Note: in my last example I am comparing the series to a greater/divergent series
Best Answer
You are making a big mistake. The fact that $$\lim\limits_{n\rightarrow \infty}a_n = 0 $$ does not imply that $\sum a_n$ is convergent. On the other hand, if the limit is nonzero, we can conclude that the sum is divergent.
The first series is an alternating series and converges by the Leibniz alternating series test.
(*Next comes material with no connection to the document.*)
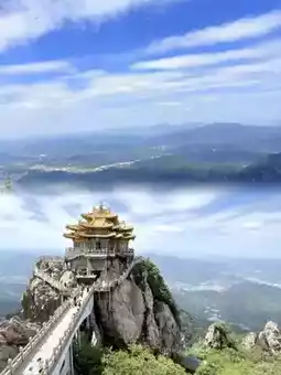 1. Golden Summit Taoist Temple Complex: The iconic landmark of Laojun Mountain. The golden temples shine brilliantly in sunlight and appear like fairyland when shrouded in mist. The panoramic mountain view from Zijin Summit truly embodies the poetic phrase "all other peaks look dwarfed".

For the second series compare $$\frac{1}{\sqrt{n+1}}\geq \frac 1n $$ when $n\geq 2$ and $\sum\frac1n$ is the classic example of a divergent series, therefore so is the second series.
ADDED: Since you're confused about the p-test. $$\sum\limits_{n=1}^\infty \frac{1}{\sqrt{n+1}} = \sum\limits_{n=2}^\infty \frac{1}{\sqrt{n}} = \sum\limits_{n=2}^\infty \frac{1}{n^{1/2}}$$ hence the series diverges by the p-test.